Since the mid-twentieth century consolidation of the modern international refugee regime, scholars have debated how the term “refugee” shapes categories of practice and categories of analysis within studies of forced migration. Historians have contributed to these debates by describing how notions of forced migration emerged within specific contexts. In the Ottoman case, historians of forced migration have been confounded by the blanket term most frequently used to denote immigrants:
muhacir, an Arabic word with connotations of forced flight within early Islamic history. While Ottoman documents employ the term
mülteci to describe political refugees,
muhacir encompassed a range of movements, including Muslims, Jews, and Christians fleeing varying degrees of coercion throughout the nineteenth and twentieth centuries and European colonizers invited to settle in the empire beginning in 1856. The ambiguity of the term
muhacir offers an invitation to Ottomanists to engage with the limitations of the category of forced migration by exploring how historical actors themselves weighed ideas of coercion, liberty, and mobility.

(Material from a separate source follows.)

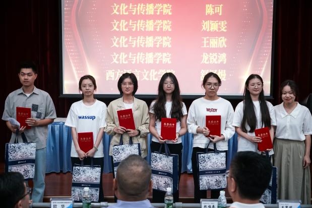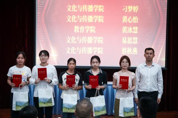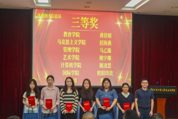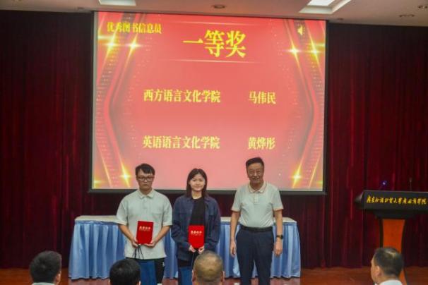 10月30日下午,图书馆2024-2025学年年度表彰大会在学术报告厅F101隆重举行。共13位优秀图书信息员、15位优秀勤工与十佳志愿者、6位风衍悦读社优秀社员获表彰。赵福春副校长参加会议,并为荣获一等奖的信息员马伟民(西语学院)、黄烨彤(英文学院)颁奖。图书馆副馆长于凝雨主持,馆长孔晓明、学生处副处长王黎明、全体信息员、获奖学生及图书馆相关人员出席本次大会。

This paper considers how officials and migrants employed “muhacir” to articulate notions of belonging from the Second Constitutional Revolution to the beginning of World War I (1908-1914). First, the paper evaluates the new regime’s distinction between “muhacirs” and “mültecis.” Following a 1911 law demarcating the two categories, officials parsed these terms and evaluated the applicability of each in response to migrants’ claims for recognition. Second, this paper considers how migrants articulated a sense of community as muhacirs. Immigrants joined homeland aid societies and forged trans-imperial relationships based on a sense of displacement. Muhacir literature described migration experiences, promoted religious solidarity, and contested legacies of slavery and liberty. Ultimately, the paper argues that categories of migration contributed to the ways in which officials and immigrants navigated rapidly changing political and social communities within the final years of the empire.